What you are asked to do: Copy the lines below exactly, starting with the first and finishing with the one holding "下图显示的是2002年-20"; do not copy the pictures.

Dataset extract:

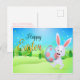 Cute Rabbit Holding Blue Pink Easter Eggs Holiday Postcard
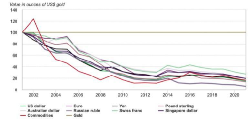 下图显示的是2002年-2020年,美元、欧元、日本等一系列货币相对于黄金的价值比据世界黄金协会还称,通胀是大型机构投资者关注黄金的原因。该协会表示,物价上涨的压力已经在伤害消费者。
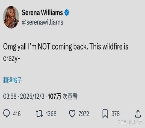 我們再來關(guān)注另一條消息。北京時間昨晚,有外媒報道,稱在退役三年多之后,23屆大滿貫冠軍得主、美國黑珍珠小威廉姆斯有可能在明年復(fù)出,重返賽場。理由是小威的名字被重新列入國際網(wǎng)球誠信機構(gòu)(ITIA)最新的國際注冊檢測名單之中。而根據(jù)規(guī)定,球員必須加入該名單才能參賽,而復(fù)出的退役球員也必須在復(fù)出前至少六個月完成注冊,接受賽外興奮劑檢測。在各方紛紛猜測之際,小威親自出來辟謠了,她稱,“我不會再回來”。

Reply to the exercise:
 Cute Rabbit Holding Blue Pink Easter Eggs Holiday Postcard
 下图显示的是2002年-2020年,美元、欧元、日本等一系列货币相对于黄金的价值比据世界黄金协会还称,通胀是大型机构投资者关注黄金的原因。该协会表示,物价上涨的压力已经在伤害消费者。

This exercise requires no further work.